NoDrift addresses this by computing semantic similarity section by section and producing a drift report with actionable severity levels (ok, warning, breaking).


What NoDrift does

Given two prompt files, NoDrift:

  1. Parses them into sections ([tone], [rules], etc.).
  2. Generates embeddings for each section (local or OpenAI backend).
  3. Computes cosine similarity between old/new section vectors.
  4. Converts similarity into a normalized drift score.
  5. Produces a terminal or JSON report with per-section and overall severity.

This gives a practical signal for deciding whether a prompt change is safe to deploy.


How prompt files are structured

NoDrift supports two formats:

1) Single-block prompt (implicit default section)

You are a customer support assistant.
Always be concise.

2) Sectioned prompt (recommended)

[tone]
Be calm and professional.

[rules]
Never invent refunds.

[escalation]
Escalate billing disputes to a manager.

Rules:

  • Section headers use [section-name] syntax.
  • Header names are normalized to lowercase.
  • Text before the first header is stored as a special __default__ section.

Installation

From source

git clone https://github.com/Feareis/nodrift.git
cd nodrift
pip install -e .

Optional dependencies

  • OpenAI backend support:
pip install -e .[openai]
  • Development dependencies:
pip install -e .[dev]

Quick start (CLI)

Compare two prompt versions:

nodrift diff tests/sample/v1.txt tests/sample/v2.txt

Use a custom failure threshold:

nodrift diff old.txt new.txt --threshold 0.30

Output machine-readable JSON:

nodrift diff old.txt new.txt --json

Exit codes

  • 0: overall drift is within threshold.
  • 1: overall drift exceeds threshold, or input/parse error.
  • 2: unexpected runtime error.

This makes the CLI suitable for CI checks and pre-merge validation.


Severity model

NoDrift computes drift scores from semantic similarity and maps them to severity bands:

  • ok: drift < 0.15
  • warning: drift >= 0.15 and < 0.40
  • breaking: drift >= 0.40

Overall drift is the mean of all section drift scores.


Python API

You can integrate NoDrift in scripts and test pipelines:

from nodrift import parse_file, diff

old_prompt = parse_file("v1.txt")
new_prompt = parse_file("v2.txt")

report = diff(old_prompt, new_prompt)

print(report.overall_drift)
print(report.overall_severity)
for name, section in report.sections.items():
    print(name, section.drift_score, section.severity)

Embedding backends

NoDrift currently supports:

  • local (default): sentence-transformers/all-MiniLM-L6-v2
  • openai: text-embedding-3-small

By default, CLI uses the local backend (no external API required).

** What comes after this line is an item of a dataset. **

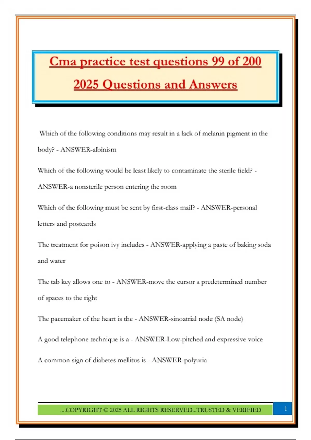 Cma practice test questions 99 of 200 2025 Questions and Answers

If using OpenAI in Python code, provide OPENAI_API_KEY or pass api_key when creating the embedder backend.


Project architecture

Core modules:

  • nodrift/parser.py: parses raw prompt files into structured sections.
  • nodrift/embedder.py: embedding interfaces and backend factory.
  • nodrift/scorer.py: similarity, drift scoring, and final report model.
  • nodrift/reporter.py: rich terminal output formatting.
  • nodrift/cli.py: nodrift Typer CLI command entry point.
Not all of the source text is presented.